▶ [Data shown]
=-=-=
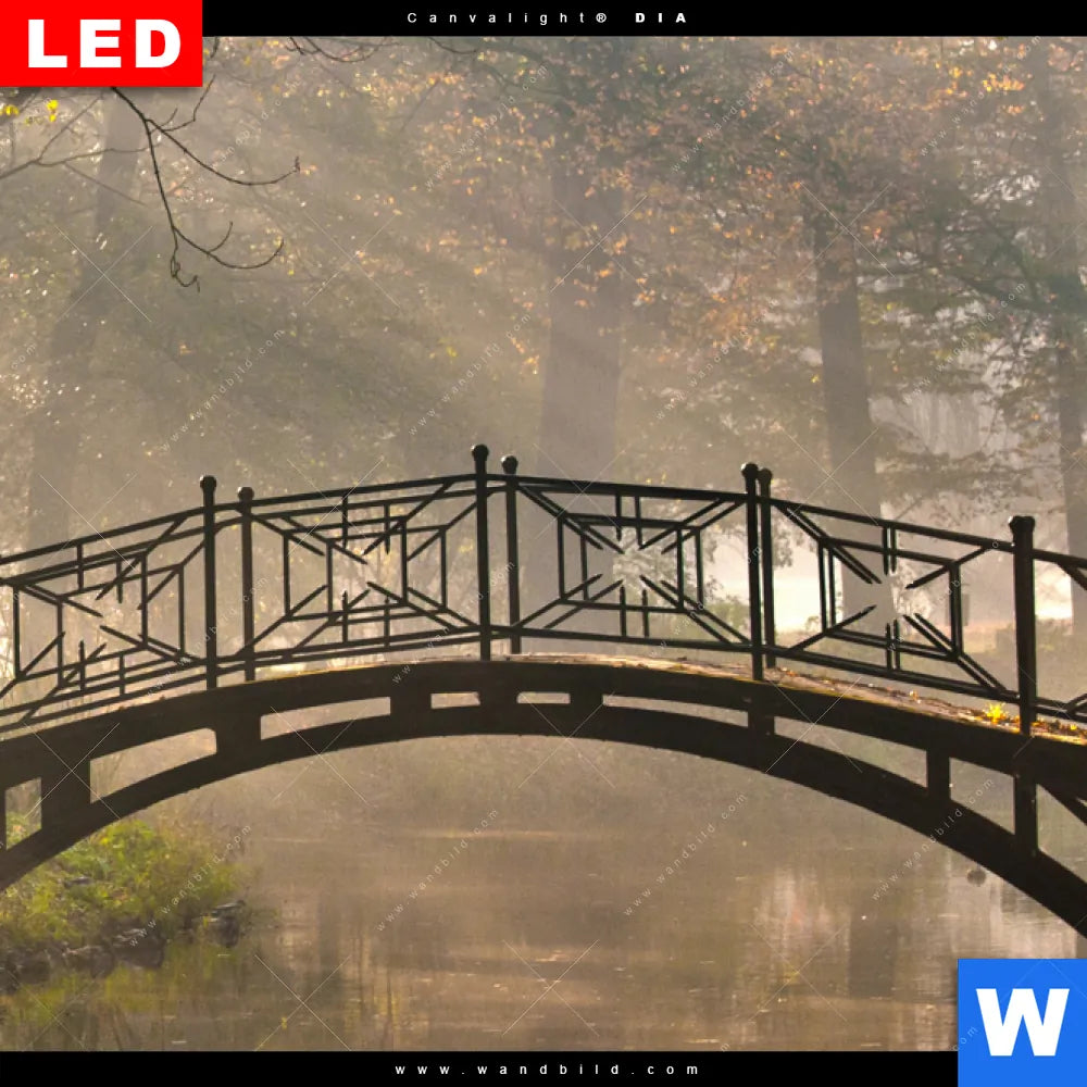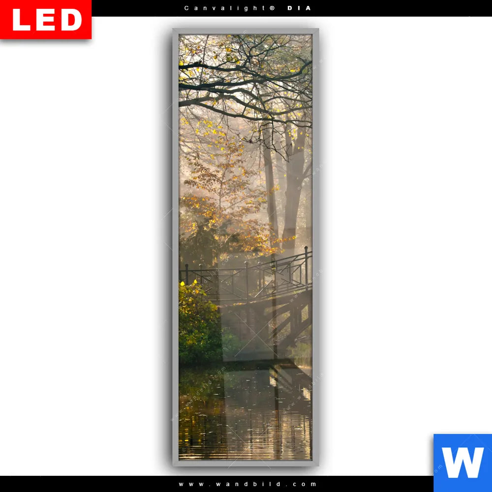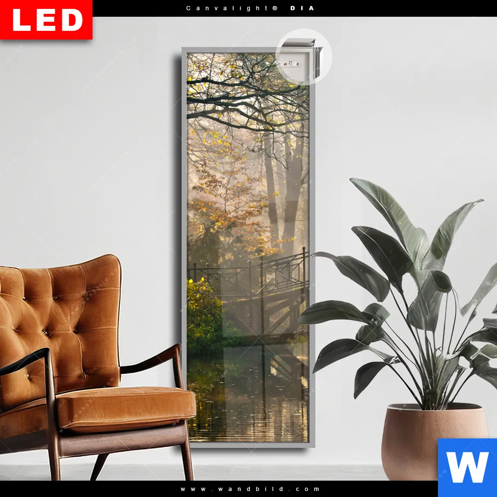 Canvalight® DIA Leuchtbild | Idyllischer Wald mit Brücke | Schmal
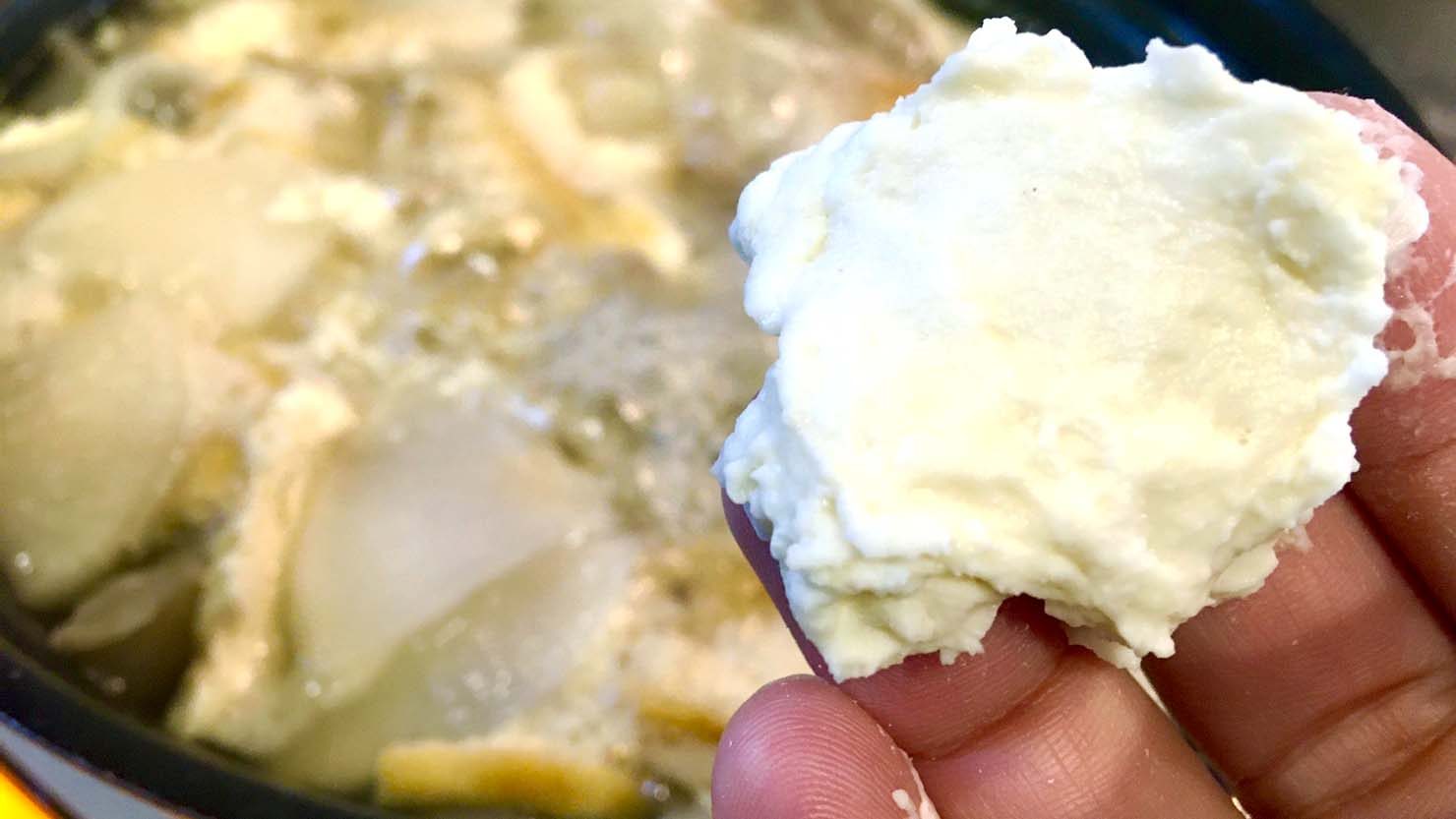 ⑥冷蔵庫で寝かせておいただごを一口大にちぎり、平たくしながら煮立った鍋に投入します。
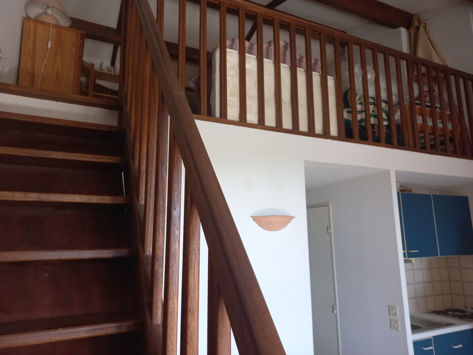 SOUS OFFRE D'ACHAT ACEPTEE. Dans domaine privé avec piscines et tennis, agréable duplex offrant de plain pied : une entrée, une petite chambre, un séjour avec kitchenette donnant sur terrasse VUE MER, une salle de bains, un wc séparé. A l'étage une grande chambre, mezzanine belle hauteur partout. Un jardin privatif de 40 m² .
=-=-=
▶ [What the task requires] Without any pictures, transcribe the listing above exactly as written.

▶ [Answer section]
 Canvalight® DIA Leuchtbild | Idyllischer Wald mit Brücke | Schmal
 ⑥冷蔵庫で寝かせておいただごを一口大にちぎり、平たくしながら煮立った鍋に投入します。
 SOUS OFFRE D'ACHAT ACEPTEE. Dans domaine privé avec piscines et tennis, agréable duplex offrant de plain pied : une entrée, une petite chambre, un séjour avec kitchenette donnant sur terrasse VUE MER, une salle de bains, un wc séparé. A l'étage une grande chambre, mezzanine belle hauteur partout. Un jardin privatif de 40 m² .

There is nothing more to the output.